» **Work instruction**
Wherever pictures appear in the listing below, leave them out, and copy exactly, and only, everything from the line with "Dieser 90% VHD" down to the line with "ou en intérieur".

[Material provided Boundary: Start]

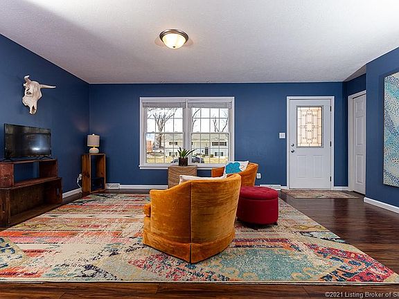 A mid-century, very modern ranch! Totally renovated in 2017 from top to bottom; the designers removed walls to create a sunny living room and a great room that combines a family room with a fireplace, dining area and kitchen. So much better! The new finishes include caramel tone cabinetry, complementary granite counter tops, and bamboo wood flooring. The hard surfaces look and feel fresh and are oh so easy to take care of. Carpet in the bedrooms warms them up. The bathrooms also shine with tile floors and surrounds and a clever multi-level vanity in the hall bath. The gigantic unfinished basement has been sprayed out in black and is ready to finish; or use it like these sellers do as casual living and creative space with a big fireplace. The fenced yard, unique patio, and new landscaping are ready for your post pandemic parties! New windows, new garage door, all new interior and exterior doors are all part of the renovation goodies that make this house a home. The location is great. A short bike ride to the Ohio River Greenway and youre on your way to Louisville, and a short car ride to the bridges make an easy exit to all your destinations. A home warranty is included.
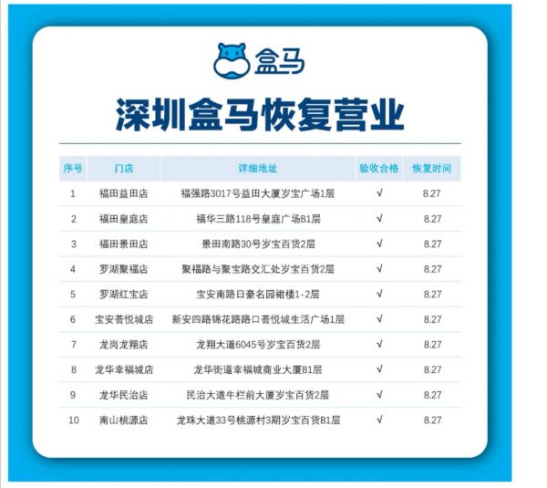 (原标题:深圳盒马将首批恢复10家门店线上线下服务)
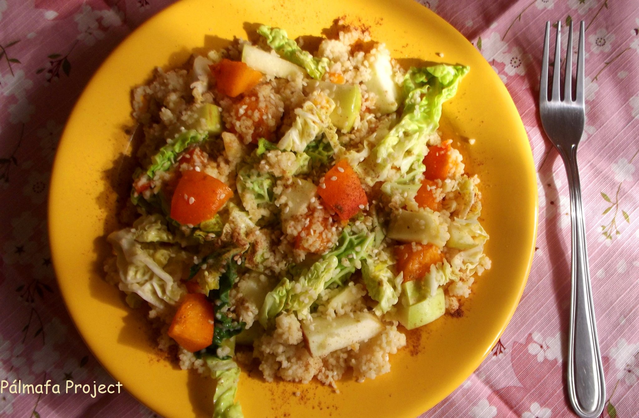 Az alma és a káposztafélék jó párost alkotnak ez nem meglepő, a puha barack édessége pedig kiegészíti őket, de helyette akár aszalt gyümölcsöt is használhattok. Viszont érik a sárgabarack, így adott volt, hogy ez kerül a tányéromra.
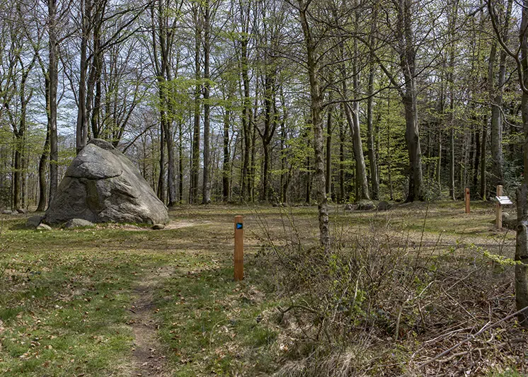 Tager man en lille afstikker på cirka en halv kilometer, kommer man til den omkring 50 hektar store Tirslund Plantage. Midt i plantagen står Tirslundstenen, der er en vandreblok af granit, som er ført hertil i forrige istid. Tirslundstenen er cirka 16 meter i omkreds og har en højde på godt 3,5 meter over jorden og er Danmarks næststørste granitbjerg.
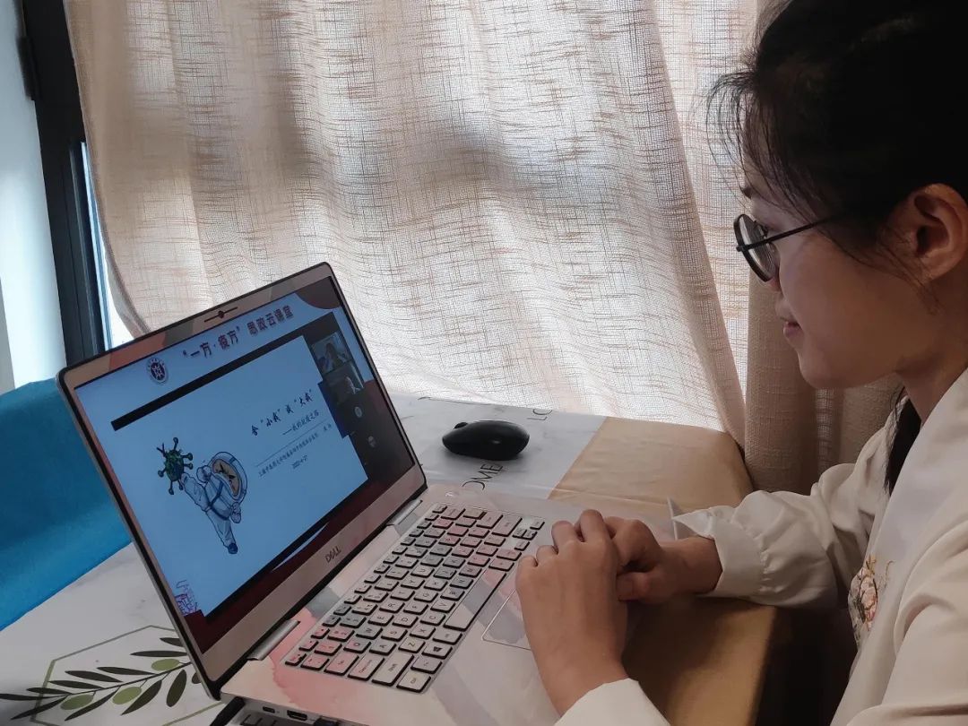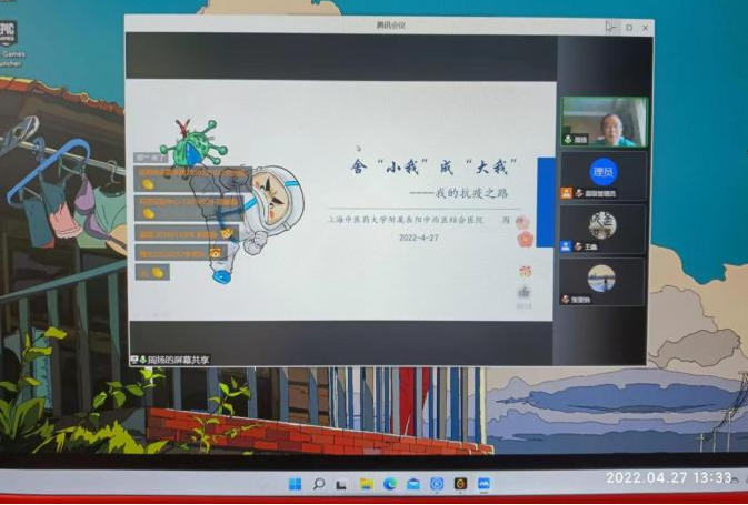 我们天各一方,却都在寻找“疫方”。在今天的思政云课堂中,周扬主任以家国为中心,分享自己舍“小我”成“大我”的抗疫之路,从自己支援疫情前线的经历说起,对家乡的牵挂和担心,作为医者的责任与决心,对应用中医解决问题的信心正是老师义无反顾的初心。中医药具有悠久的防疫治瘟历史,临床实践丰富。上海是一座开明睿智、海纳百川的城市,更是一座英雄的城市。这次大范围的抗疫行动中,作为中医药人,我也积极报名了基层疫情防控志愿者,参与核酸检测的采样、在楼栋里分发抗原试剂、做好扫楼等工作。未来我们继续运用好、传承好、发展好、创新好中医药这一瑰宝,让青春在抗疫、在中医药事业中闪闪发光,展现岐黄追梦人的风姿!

[Material provided Boundary: End]
[Material provided Boundary: Start]

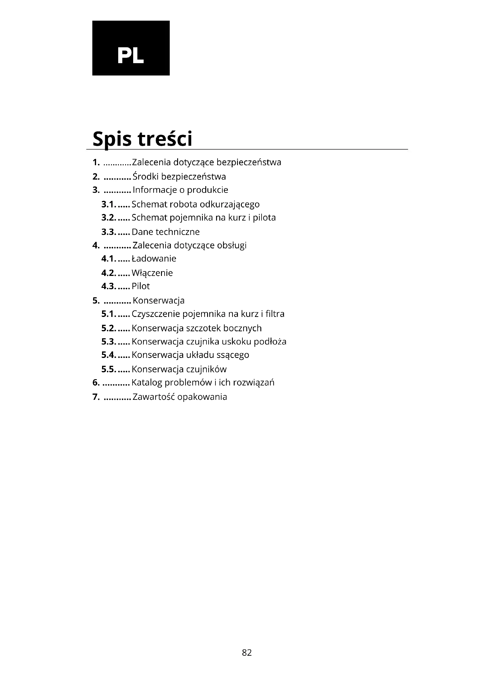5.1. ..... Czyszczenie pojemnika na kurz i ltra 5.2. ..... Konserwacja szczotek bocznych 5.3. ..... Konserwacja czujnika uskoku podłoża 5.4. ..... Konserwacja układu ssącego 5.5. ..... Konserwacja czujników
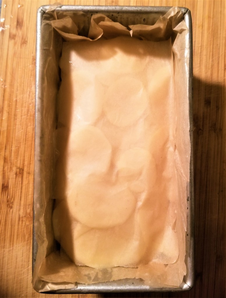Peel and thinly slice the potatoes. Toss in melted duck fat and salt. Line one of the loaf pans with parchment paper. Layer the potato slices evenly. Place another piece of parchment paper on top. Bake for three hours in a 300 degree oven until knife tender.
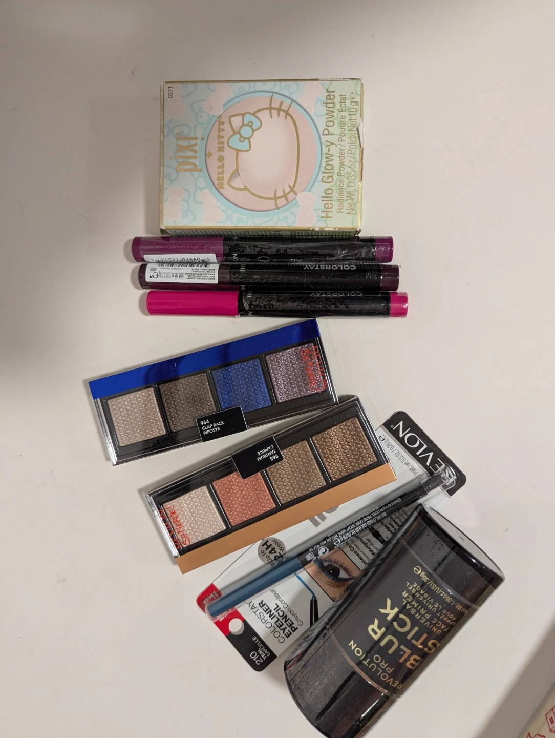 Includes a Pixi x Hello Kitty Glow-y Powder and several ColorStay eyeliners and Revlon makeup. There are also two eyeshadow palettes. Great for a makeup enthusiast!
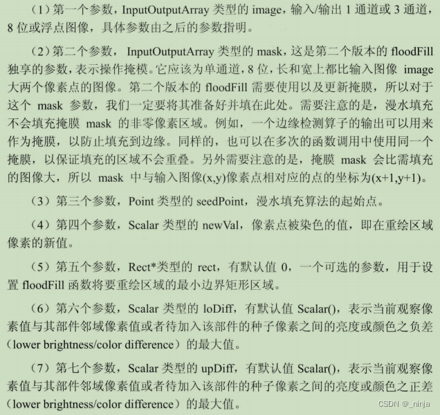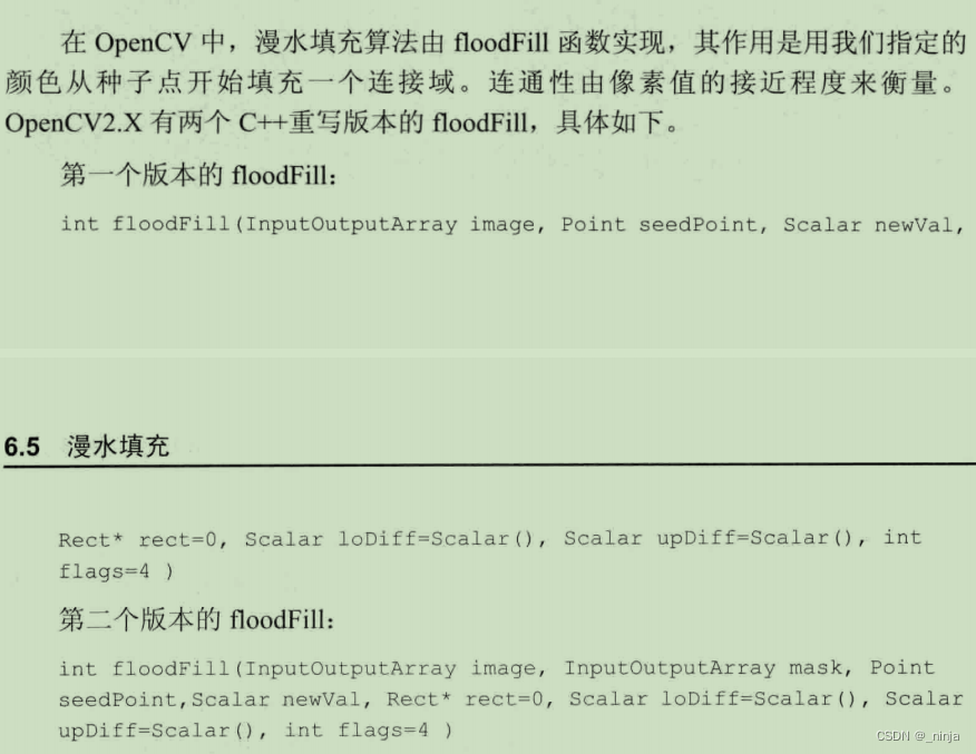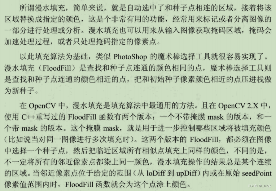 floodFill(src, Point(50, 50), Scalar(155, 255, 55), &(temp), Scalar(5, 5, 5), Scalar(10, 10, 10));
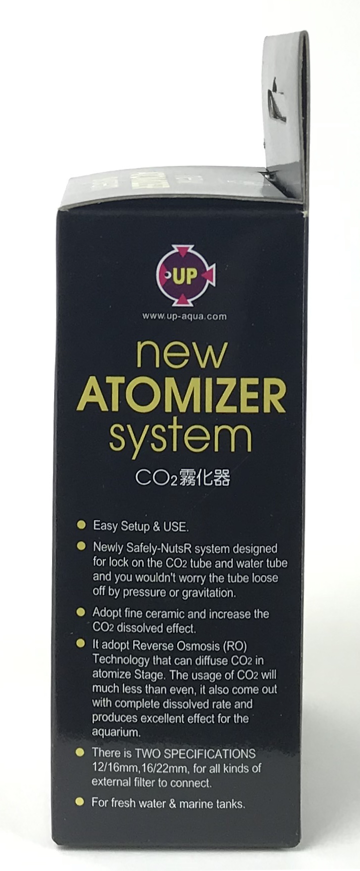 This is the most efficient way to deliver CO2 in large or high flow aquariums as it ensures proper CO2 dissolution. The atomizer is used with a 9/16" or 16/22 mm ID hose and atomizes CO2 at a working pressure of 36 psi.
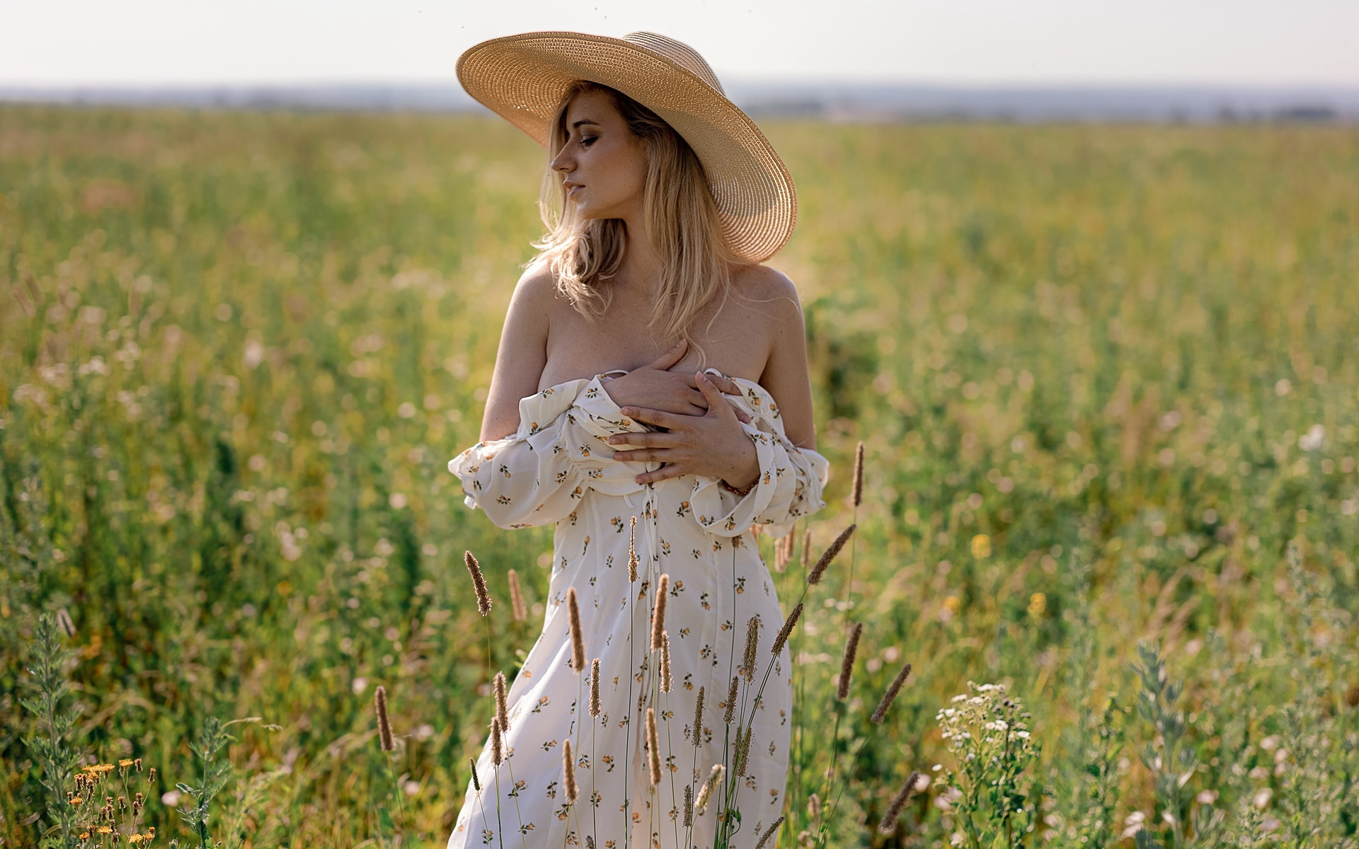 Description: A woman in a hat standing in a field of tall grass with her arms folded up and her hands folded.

[Material provided Boundary: End]
[Material provided Boundary: Start]

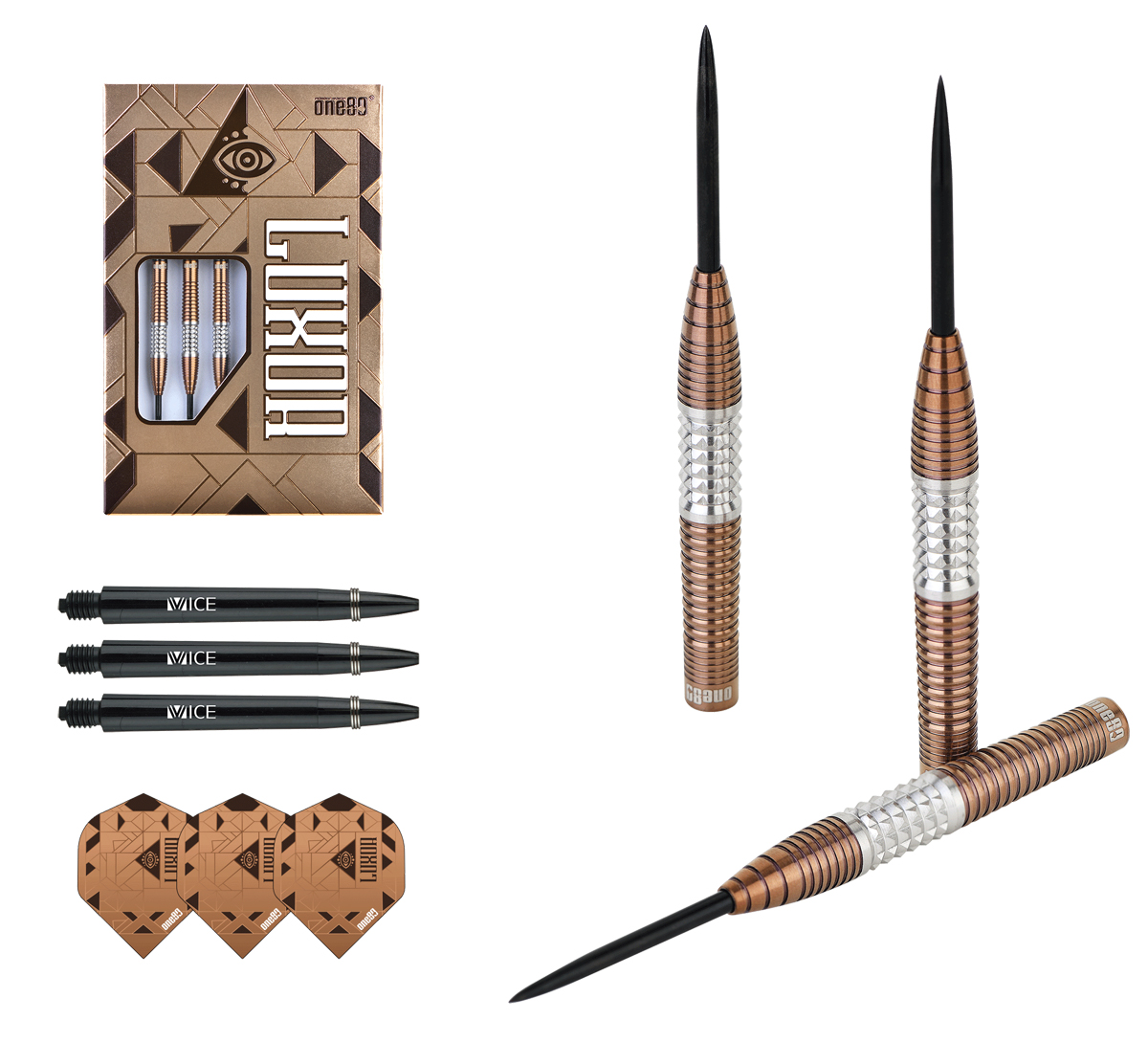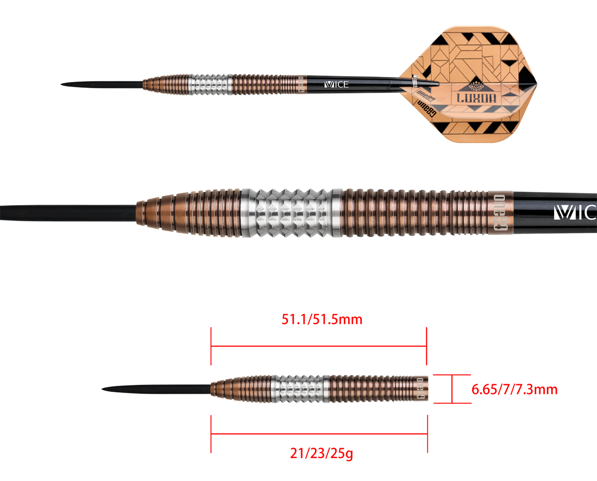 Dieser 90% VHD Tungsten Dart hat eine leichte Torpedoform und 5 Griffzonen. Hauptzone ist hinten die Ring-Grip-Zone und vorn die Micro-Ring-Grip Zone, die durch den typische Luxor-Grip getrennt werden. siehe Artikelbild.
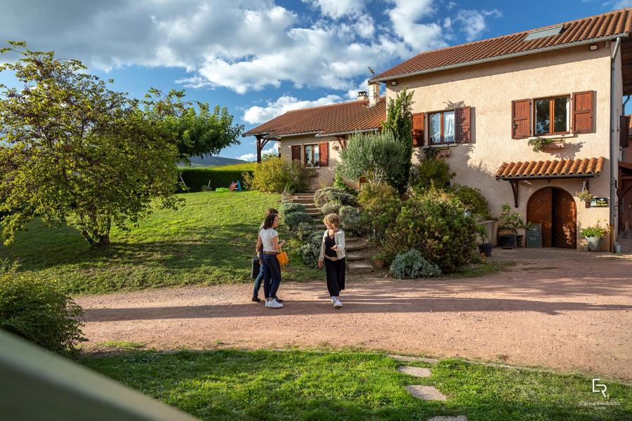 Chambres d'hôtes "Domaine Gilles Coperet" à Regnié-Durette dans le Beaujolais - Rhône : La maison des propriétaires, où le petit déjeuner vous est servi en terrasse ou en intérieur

[Material provided Boundary: End]

» **Task response**
 Dieser 90% VHD Tungsten Dart hat eine leichte Torpedoform und 5 Griffzonen. Hauptzone ist hinten die Ring-Grip-Zone und vorn die Micro-Ring-Grip Zone, die durch den typische Luxor-Grip getrennt werden. siehe Artikelbild.
 Chambres d'hôtes "Domaine Gilles Coperet" à Regnié-Durette dans le Beaujolais - Rhône : La maison des propriétaires, où le petit déjeuner vous est servi en terrasse ou en intérieur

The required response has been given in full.